Elle war in ihrem Element, als sie allein zu Hause war, während ihre Stiefmutter und Stiefschwestern in der Stadt waren. In deren Abwesenheit konnte sie einiges im Garten erledigen. In den letzten Tagen hatten die Unkräuter überhandgenommen, und die Pflanzen im Gewächshaus hingen schlaff und brauchten etwas Zuwendung.

Gartenarbeit war früher die Art und Weise, wie ihre Familie Zeit miteinander verbrachte. Ihre Mutter war Floristin, bevor sie starb, und Elle hatte ihren grünen Daumen und die Liebe zur Natur geerbt. Sich um den Garten zu kümmern, war die einzige Möglichkeit, wie Elle sich ihrer Mutter näher fühlen konnte.

Als Lady Octavia mit ihren Töchtern einzog, änderte sich alles. Das Haus musste neu gestrichen werden, jedes Zimmer in einer anderen Farbe. Die Kunstwerke an den Wänden mussten weichen und wurden durch abstrakte Stücke ersetzt, die die neue Herrin des Hauses mitgebracht hatte. Und schließlich musste auch die alte Einrichtung Platz machen für die prunkvollen Möbel, die Lady Octavia so sehr liebte.

Zum Glück für Elle mochten weder Lady Octavia noch ihre Töchter die Natur, und der Garten blieb ihr überlassen.

Durch ihre Liebe zu diesem Garten entdeckte sie die heilenden Eigenschaften von Kräutern und Pflanzen. Eines Tages würde sie fortgehen und ihre eigene Apotheke eröffnen. Sie würde ihre eigenen Medikamente und Tränke verkaufen, und wenn ihre Stiefmutter und Stiefschwestern jemals bei ihr kaufen würden, würde sie ihnen heimlich Gift verkaufen und das Beste hoffen.

Der Gedanke bringt ein Lächeln auf ihr Gesicht, während sie bis zum Handgelenk in der Erde gräbt und nach den Süßkartoffeln sucht. Ihre Stirn glänzt im Mittagslicht vor Schweiß, ihr Gesicht ist mit Erde verschmiert, und ihre Knochen schmerzen vom langen Sitzen auf dem Boden.

Ihre Suche nach den Süßkartoffeln endet, als ein tiefes und raues Tok-Tok hinter ihr ertönt. Sie dreht sich in ihrer Position auf dem Boden um und sieht einen Raben, der auf dem Holzzaun sitzt, der den Garten vom Wald trennt.

„Pünktlich wie immer“, denkt Elle laut und nähert sich dem Vogel. Sie greift in ihre Tasche, holt ein Wachtelei heraus und hält es dem Raben hin. „Das ist unser kleines Geheimnis, okay? Wenn Stiefmutter das herausfindet, wird sie mich zwingen, dich zum Abendessen zu kochen, und dann wird sie mich selbst umbringen.“

Der Rabe verschlingt das winzige Ei und tok-tokt zufrieden.

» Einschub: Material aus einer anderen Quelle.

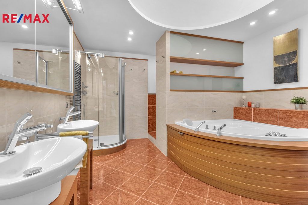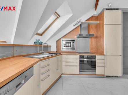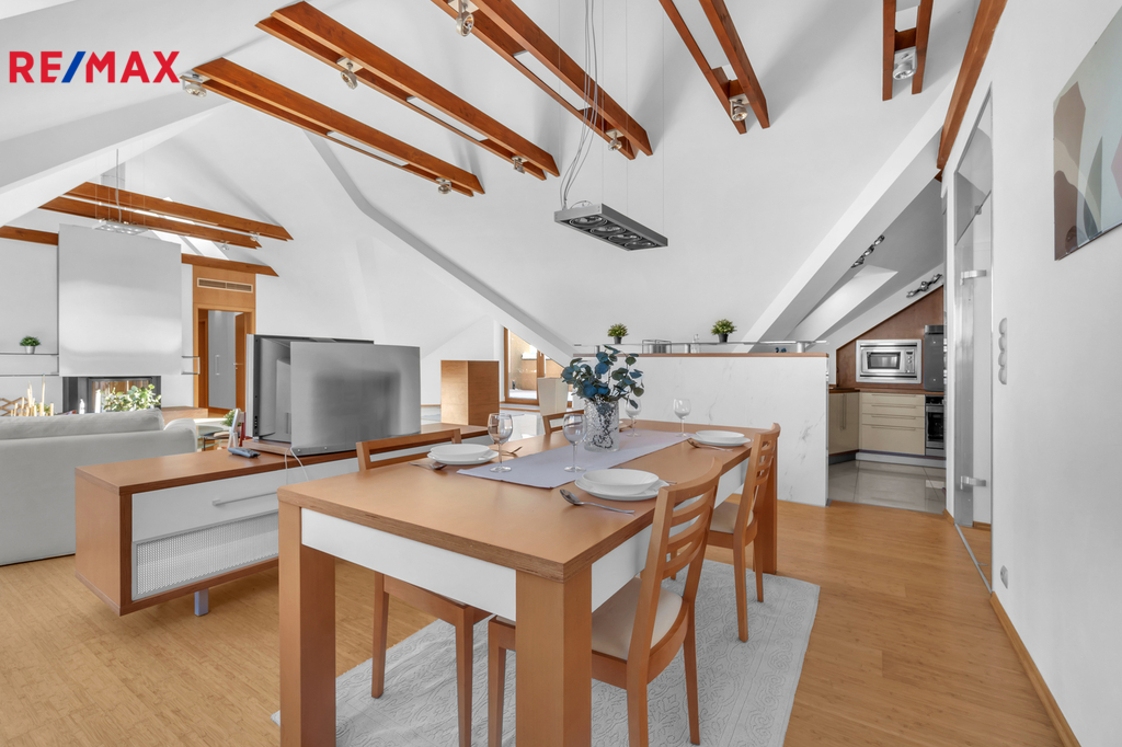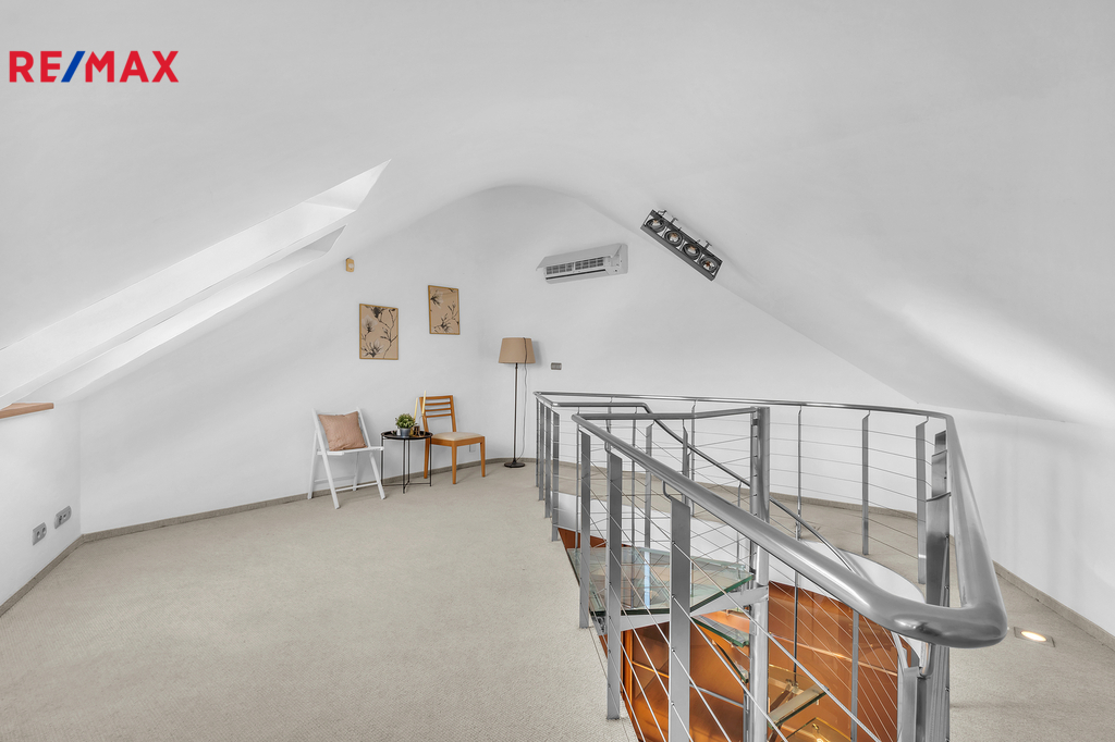 Nabízíme k prodeji nadstandartní, zcela atypický podkrovní byt o obytné podlahové ploše 219 m2 a celkové podlahové ploše 278 m2. Bytová jednotka 5kk je umístěna v šestém podlaží (podkroví) na adrese Praha 10, Za Kovárnou, Dolní Měcholupy, a je částečně vybavena. Dolní Měcholupy mají veškerou občanskou vybavenost: lékař, školka, škola, nákupní centrum. Autobusová zastávka je téměř u domu. Volnou chůzí +- 2 minuty se spojením na metro Skalka trasa A. Součástí bytu jsou dvě terasy 4 a 14,7 m2. Dále k bytu náleží kryté garážové stání pro jedno osobní vozidlo. Výtah je k dispozici od parkovacích stání přímo ke vchodovým dveřím bytu. Účelová dispozice bytu je zádveří s točitým schodištěm, předsíň, obývací pokoj s krbem, vybavený kuchyňský kout, tři pokoje, koupelna s rohovou vanou a sprchovým koutem, WC a bidetem, další koupelna s masážní vanou, sprchovým koutem, WC a bidetem, technická místnost (prádelna) s vanou a centrálním vysavačem. Další součástí bytu je galerie s pracovnou v mezonetové části, půdní prostor v mezonetové části a komora. Příjemné prostředí a komfort bydlení zajišťuje klimatizační jednotka. Galerie Golf Hostivař 2,7 Km. Vzhledem k jedinečnosti a exkluzivitě bytu nás v případě zájmu neváhejte kontaktovat. Doporučujeme prohlídku. Fotografie bytu nejsou vizualizace. Byt je v tomto stavu připraven pro zájemce. Půdorys bytu je pouze orientační nákres, nejedná se o technickou dokumentací.

„Ich versuche, dir morgen etwas übrig gebliebenen Entenbraten zu bringen“, verspricht sie, als sie das Geräusch einer herannahenden Kutsche hört. „Das ist mein Zeichen. Flieg jetzt nach Hause.“

Auf ihr Kommando breitet der Rabe seine Flügel aus und fliegt in den Wald.

Einen Moment lang fragt sich Elle, wo er wohl lebt; hat er irgendwo ein Nest? Hat er eine kleine Rabenfamilie, zu der er jeden Tag zurückkehrt? Es muss schön sein, Flügel zu haben und einfach überallhin und jederzeit fliegen zu können.

Dann hört sie das quietschende Öffnen und Zuschlagen des Gartentors – dreimal – für jede Frau, die hindurchging. Elle wischt ihre schmutzigen Hände an ihrem schlichten, grauen Kleid ab und eilt um das Haus herum, um sie zu begrüßen, genau wie Lady Octavia es ihr aufgetragen hatte.

Am Fuß der Veranda bleibt sie stehen, richtet sich auf und neigt den Kopf, als Lady Octavia sich nähert. „Hallo, Stiefmutter. Hatten Sie einen schönen Tag in der Stadt?“

„Das ist fraglich“, spottet Lady Octavia und lässt ihre Pakete in Elles Arme fallen. „Sortiere diese in meinen Schrank, und ich erwarte in fünf Minuten eine Tasse Tee im Salon. Wir haben etwas zu besprechen.“

„Ja, Stiefmutter.“ Sobald Lady Octavia im Haus verschwunden ist, begrüßt Elle ihre Töchter auf die gleiche Weise.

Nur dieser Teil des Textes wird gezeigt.